I bungled the previous change - I meant to use the LGPL.

alexmyczko commented 2 months ago

i can take 1, 2, and 4.

pemsley commented 2 months ago

Morten Kjeldgaard is no longer a friend of the project - see his twitter comment for an example. So, I agree.

pemsley commented 2 months ago

Re: non-amd64 bit: I have an as-yet-unboxed Raspberry Pi somewhere - I could try that. I expect the problem to be with the dependencies, e.g. RDKit, GTK4, PyGObject, clipper, gc - I don't see why the actually Coot part shouldn't just work.

alexmyczko commented 2 months ago

oh that is slow, i have http://bananas.debian.net

pemsley commented 2 months ago

OK, you can try the generic build script and see what happens...

get https://raw.githubusercontent.com/pemsley/coot/main/build-it-3-3

$ bash build-it-3-3

merkys commented 2 months ago

Thanks @alexmyczko for taking the tasks! Please mind that I worked in package-latest-dev-version branch as I would like to reserve master for coot releases at the moment.

Re coots-nest. I will take care of this and will exclude it from Debian package.

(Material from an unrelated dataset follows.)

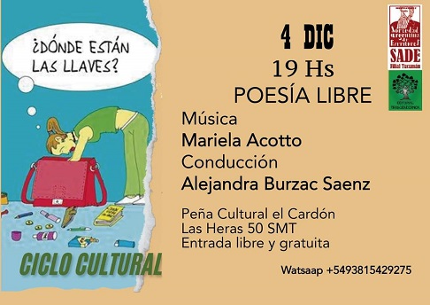 Letras de Fuego / Noticias. “¿Dónde están las llaves?”, el tradicional ciclo de la Sociedad Argentina de Escritores (SADE) Filial Tucumán, tendrá su próxima presentación este miércoles 4 de diciembre, en la Peña Cultural El Cardón.

Re non-amd64. Debian supports a variety of architectures and machines with these architectures are made available for Debian developers to help with porting. But as said, this can wait until after coot gets accepted into Debian, as builds on all Debian architectures will be attempted automatically after that. Of course it does not hurt to try earlier.

pemsley commented 2 months ago

cootilus/nautilus_lib.pdb is a PDB file, not source code. How does the license work for that (there are other such files, for example cootaneer/cootaneer-llk-2.40.dat, protein_db/protein.db).

Also cootaneer/Makefile-coot - that also doesn't have a copyright notice. It is not used, I think. Should I remove it?

pemsley commented 2 months ago

I have added or made updates to many source code copyright notices.

My plan is to continue to do so add or change the others to LGPL 3.

pemsley commented 2 months ago

This is slow-going, painstaking and dull.